Agenda item

GP Practices in Haringey

Verbal Update from Tony Hoolaghan (Managing Director – Haringey and Islington CCGs).

Minutes:

The Board received a verbal update on GP Practices in Haringey from Rachel Lissauer, Haringey CCG - Director of Commissioning and Integration. It was highlighted that there were currently many positive work being carried out on primary care in Haringey, and Haringey was the only Borough in Central London that had an outstanding CQC (Care Quality Commission) rating in general practice.  There was a lot of investment through primary care networks which had been helpful in providing support for practices to take on additional staff. In addition, Haringey had been successful in securing 5 improvement grants which were for making improvements for GP practices, which had increased capacity and helped access by redeveloping certain rooms in practices. It was noted that another positive development of the formation of primary care networks was having a community forming around GP practices, which provided a supportive environment of sharing and learning good practices.

 

The Board were provided an update on the Myddleton Road Surgery. The Board were advised that the CCG had discussed plans to merge Myddleton Road Surgery with two other practices, to close the Myddleton Road Surgery site and relocate the practice. As part of that merger process, Myddleton Road Surgery had looked for a clinical partner to ensure services could continue to be delivered until the merger and relocation went ahead. Approval had been given on 20th June by the North London and Primary Care Committee in Common to add a GP and a non-clinical partner to the Myddleton Road Surgery contract. Sadly, the contract holder had passed away before the contract was signed, which resulted in the contract being automatically terminated.  The CCG decided not to undertake the full procurement process to issue a new contract as it was concluded that the premises of the GP practice was inadequate and there were many other GP practices close to the Myddleton Road Surgery. The Primary Care Committee in Common approved a temporary care contract for Myddleton Road Surgery to provide primary care until 2nd November and to ensure patients were supported through the process in identifying and registering with a new practice. It was noted that the CCG continued to work to ensure patients were able to register with a new practice and processes were in place to support the practice’s most vulnerable patients to register with a new practice to ensure continuity in care.

 

The following was noted in discussion of this item:

a.    In response to a question around how the primary care networks would help GP practices in the Borough that were in special measures, the Board was provided the example of Hornsey Park Surgery, which had an inadequate rating in June this year. Hornsey Park Surgery was working with West Green Surgery, which had an outstanding rating, to ensure that Hornsey Park Surgery was working safely and improving. The Board was advised that this arrangement was not within the remit of the primary care network, but it was an informal learning support arrangement which had begun to work.
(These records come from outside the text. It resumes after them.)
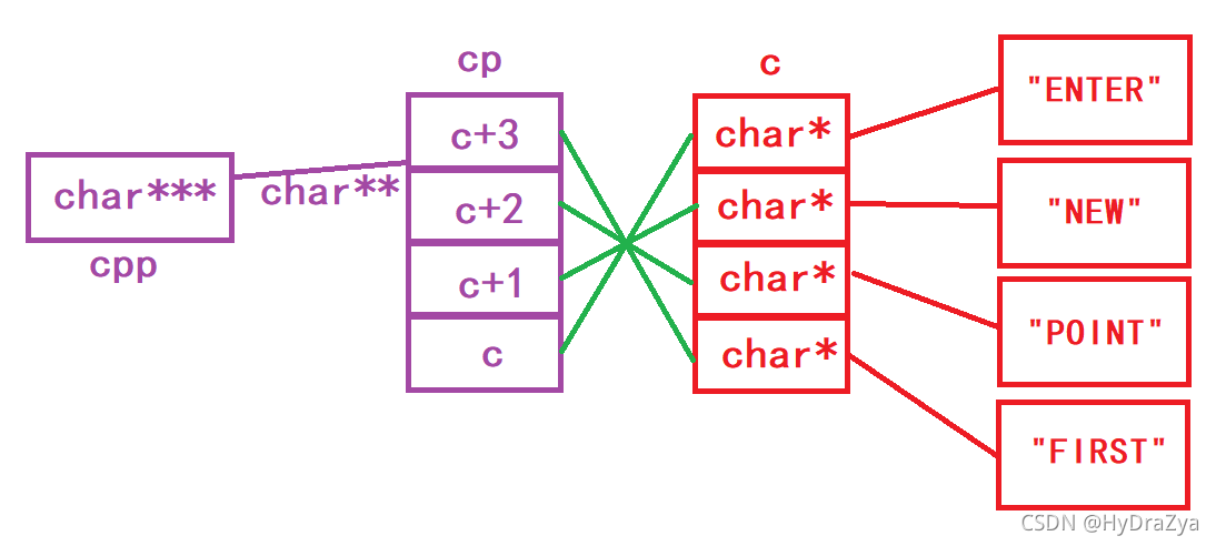 //又因为*所以c指向的是'c'对应的数组c中的"ENTER",又+3,指向了ENTER中的第二个E,所以%s打印出的结果是ER
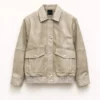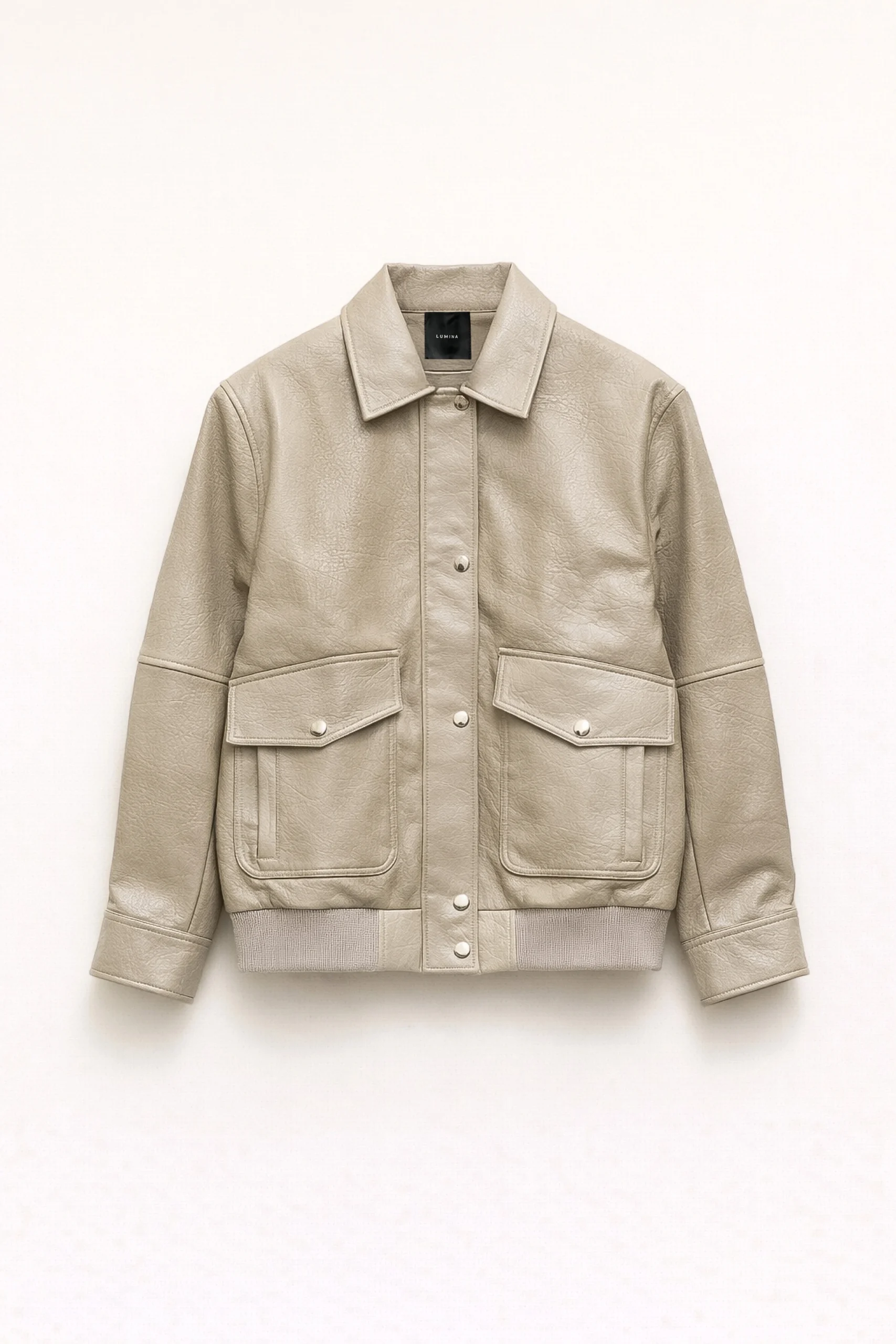Jacket made of eco-leather. Pointed collar. Large front pockets. Front closure with zip and buttons.
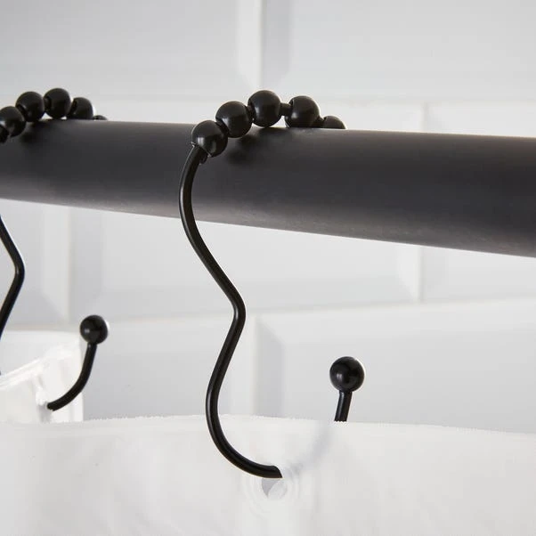 Sporting a contemporary open shape, these shower curtain rings are supplied in a pack of 12. Crafted from durable metal, these rings are comprised of roller beads to help the curtain glide when in use. Designed to fit standard shower curtains, these rings are available in chrome or matt black.
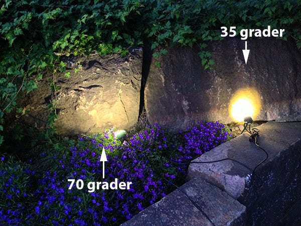 35 och 70 graders öppningsvinkel på ljusbilden.
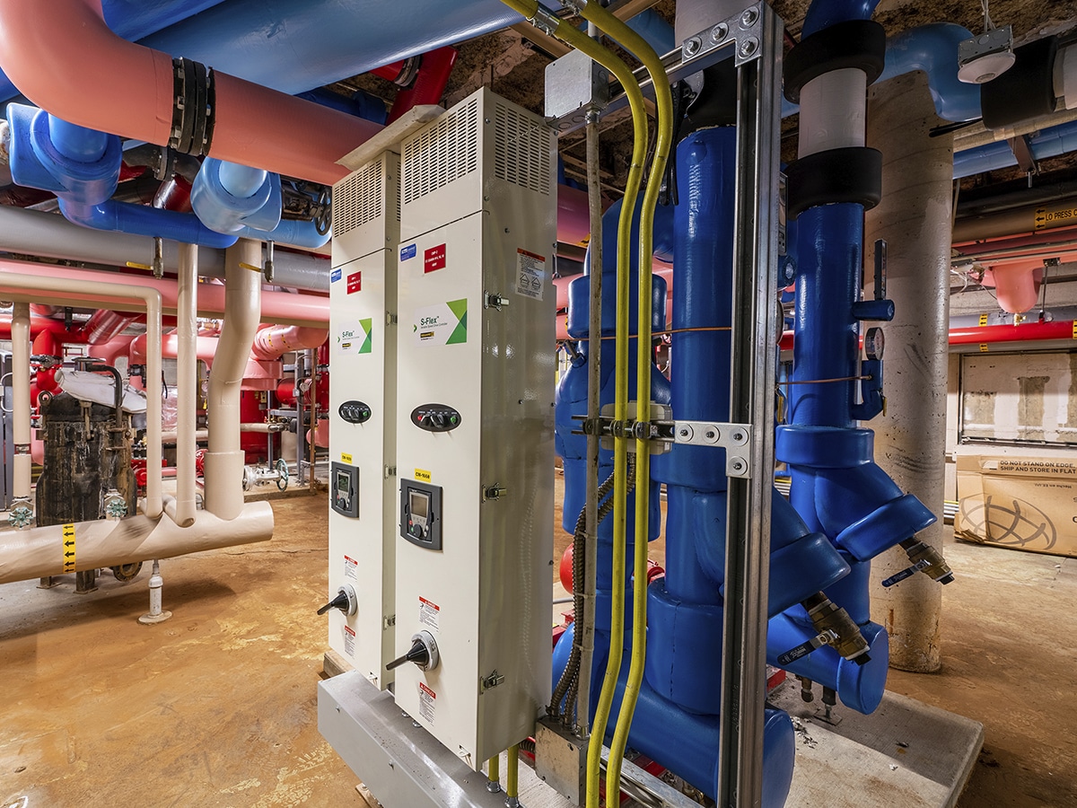 Our design calls for construction of a new steel platform on the roof of the building, which will house a new 25,000 cfm air-handling unit. We will run new ducts to the mechanical room, tie them into the existing ductwork, then remove the existing units. That will free up space in the mechanical room for a comprehensive HVAC system upgrade with new pumps, heat exchangers and chilled water systems. Other upgrades will include power distribution modifications and emergency power additions, as well as all new lighting and fire protection in the mechanical room.

b.    The Board were advised that the CCG were keen to ensure the strongest practices were supported to both continue to be strong and to support other practices. The CCG were also keen to ensure that GP practices were teaching good practices. There were many mechanisms used in order to provide support to practices, such as providing funding for a nursing team for GP practices that had difficulty recruiting primary care nurses. It was noted that there was a lot of money coming in through the primary care network route for supporting GP leadership, particularly General Practitioners that could become clinical directors. It was stressed that the focus was to support practices in order to reduce variation between GP practices.

c.    The Board commented that the primary care network should be about sharing good practice and peer support. A comment was also made around the need to contextualise the primary care network within other work happening at neighbourhood and Borough levels, and the role of the voluntary sector in supporting prevention around primary care in ensuring people obtained access to a wide range of prevention services.